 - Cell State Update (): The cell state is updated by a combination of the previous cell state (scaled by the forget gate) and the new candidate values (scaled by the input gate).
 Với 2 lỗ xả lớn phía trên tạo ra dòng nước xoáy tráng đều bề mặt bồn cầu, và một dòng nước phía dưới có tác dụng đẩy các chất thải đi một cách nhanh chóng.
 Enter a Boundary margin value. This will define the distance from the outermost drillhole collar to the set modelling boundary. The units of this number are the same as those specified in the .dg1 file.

==*==

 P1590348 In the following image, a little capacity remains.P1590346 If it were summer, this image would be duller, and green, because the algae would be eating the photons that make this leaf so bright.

==*==

Print, without alteration, only the lines above between the one holding "- Cell State" and the one holding "Enter a Boundary", inclusive.

 - Cell State Update (): The cell state is updated by a combination of the previous cell state (scaled by the forget gate) and the new candidate values (scaled by the input gate).
 Với 2 lỗ xả lớn phía trên tạo ra dòng nước xoáy tráng đều bề mặt bồn cầu, và một dòng nước phía dưới có tác dụng đẩy các chất thải đi một cách nhanh chóng.
 Enter a Boundary margin value. This will define the distance from the outermost drillhole collar to the set modelling boundary. The units of this number are the same as those specified in the .dg1 file.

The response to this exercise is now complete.